Growing Peas Quickly and Abundantly


  • Early Alaska Heirloom Pea
  • Early Frosty Pea
  • Yellow Pod Pea
  • Super Sugar Snap Pea
  • Austrian Winter Pea
  • Early Alaska English Pea
  • Oregon Giant Snow Pea
  • Grow Peas over winter
  • Companion Plants for Peas

    Peas are one of the first crops we plant, generally as soon as the ground can be worked. The seed of most varieties will continue to grow even if snow falls after they are planted. A blanket of snow doesn't hurt emerging pea plants either, so long as the temperatures are not frigid, in the teens or lower.

    Cowpeas, Field Peas, crowder peas, black eyed peas,and cream peas are not actually peas they are more closely related to beans and will live long and prosper in warm hot summers.

    Among True Peas, there are extra-early, early, mid-season, and late varieties.

    Pea plants are easily grown within the narrow time frame which is their growing season. They also do not stay fresh very long after harvest, so should be used or preserved quickly once harvested.

    Optimally seeds should be sown outdoors 4 to 6 weeks before the last spring frost, soil temperatures should be in the ballpark of 45 degrees F. Air Temperature most definitely should be below 70 degrees F which is generally not an issue for spring plantings.

    If you plan to grow early peas, placing a cloche or tarp over the soil for several weeks before sowing will allow the ground to warm up. Raised beds will also help with early plantings.

    Getting them in the ground while the soil is still relatively cool is good, not cold but workably cool is cool. Do not allow them sit for extended periods in soggy soil.

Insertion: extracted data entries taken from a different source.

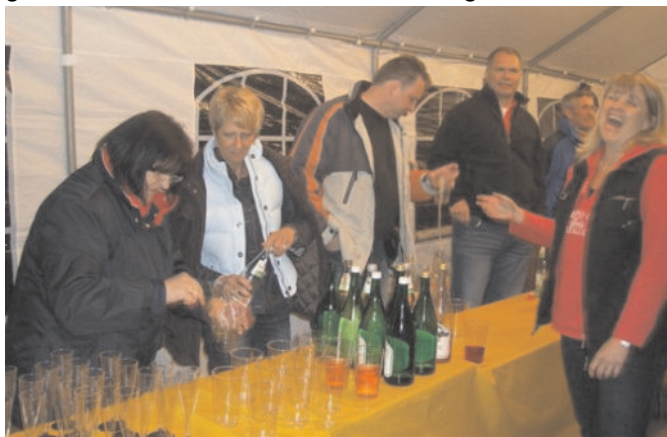
Der Frohsinn beim Ausschank
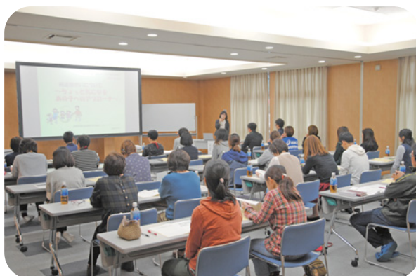
福祉人材育成研修
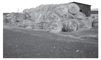
Фермáсенче ута́-ула́м сителэ́клипех. Ку савáнтарáть.

Юсав ё́сэсене туллин пурна́сланá пулсан та, Вáрманкасси уйра́мёнчи сёт ферминче кулленхи юсав ё́сэсем пирки те манма́сшэ. Са́пла вара сы́ва́х ва́хатрах ёне сарайёнчи йывáс урайсене тёллен-тёллен юсаса сёнет-
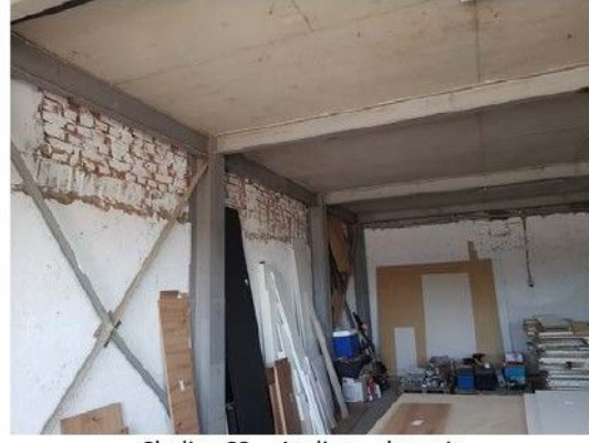
Cladire C3 – Ateliere, depozit

    Turn over the planting beds in the fall, add manure to the soil, and mulch well. Adding manure in the Spring is not advisable, just mulch. Turning over the beds is still a good idea though.

    A modest sprinkling of wood ash to the soil before planting is a good idea. Wood Ash is a good source of lime and potassium as well as many other trace elements that benefit plants. It is best used in moderation, scattered lightly and well mixed into your compost. Wood ash produces salts and lye and if not used sparingly can damage or kill your plants.